Hey guys! So here I am again, once again coming back to this board for advice. But this time I’m actually kind of nearing the entrance before the grind now.

So, currently. I ended sophomore year with a cumulative of 3.88, not including my freshman year GPA from another school. (4.0) and I’m interning this summer at IBank. No I haven’t taken the LSAT yet but I have questions.

  1. When is it time for me to request the transcript from My freshman school to send over to the law schools I want to apply to?
  2. Is a good timeline to take a basic learn LSAT strats class in December then practice until deciding to test at March and June? I heard to only start practicing 3-6 months before you take an exam VERY RIGOUROUSLY EVERYDAY.
  3. As of now I have smartly lined up my classes junior year to where I think I can nail a 4.0 because of how many easy A’s I’m lining myself up with. I was wondering what other advices you all may give me, as I have come to this forum for an annual update but I am actually nearing the grind, and by next summer you all will already know my LSAT score! :D very excited to see if I can get into Harvard???

I also forgot to add I am well aware that things will be very different in law school and I’m prepared for the worst. But I just want to focus on getting into a great top law school right now.

  1. When you setup your LSAC account. (LSAC won't do anything until it receives all transcripts, so no rush.)
  2. Take the October test, after you graduate.
  3. see #2 above.
  1. Get some experience interning in law, if you can.
  2. Get some work experience.

@bluebayou what if one of my parent wants me to rush into law school right after undergrad?
@Demosthenes49 so, what kind of work experience do you recommend? like a clerk job or…?

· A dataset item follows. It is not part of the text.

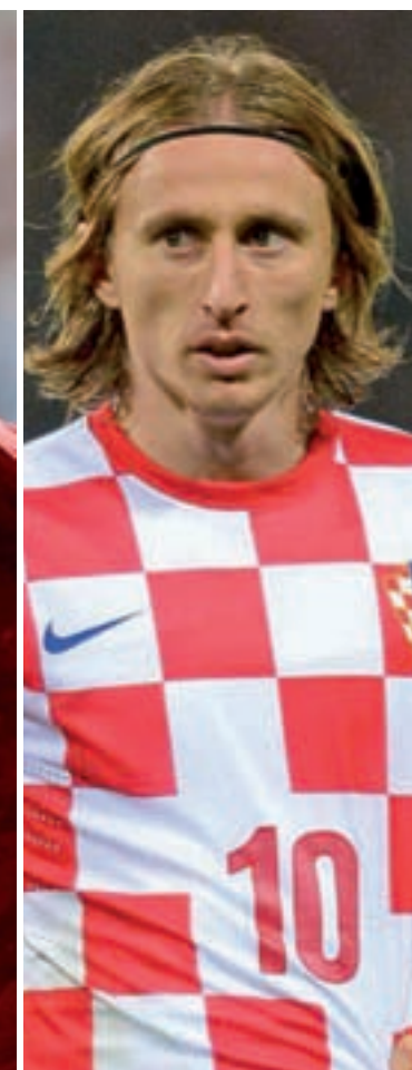
PELIGROS CONOCIDOS: Arda Turan y Luka Modric, dos futbolistas con una notable trayectoria en la Liga, marcarán el camino de España en la ronda inicial. Rakitic, Kovacic, Mandzukic, Plasil o Nuri Sahin son otros nombres familiares.

Tell your parents they’re wrong. Any work experience will do. Some law schools prefer candidates with work experience. Legal employers definitely do.

^^small nit: ALL professional schools prefer work experience. Now, perhaps only Northwestern LAW requires it, but it is definitely as small plus factor everywhere else as you note.

Bingo.

And the reason that they are wrong is the chance for thousands of dollars of tax-free merit money with a high LSAT, which you can obtain with intensive prep after graduation.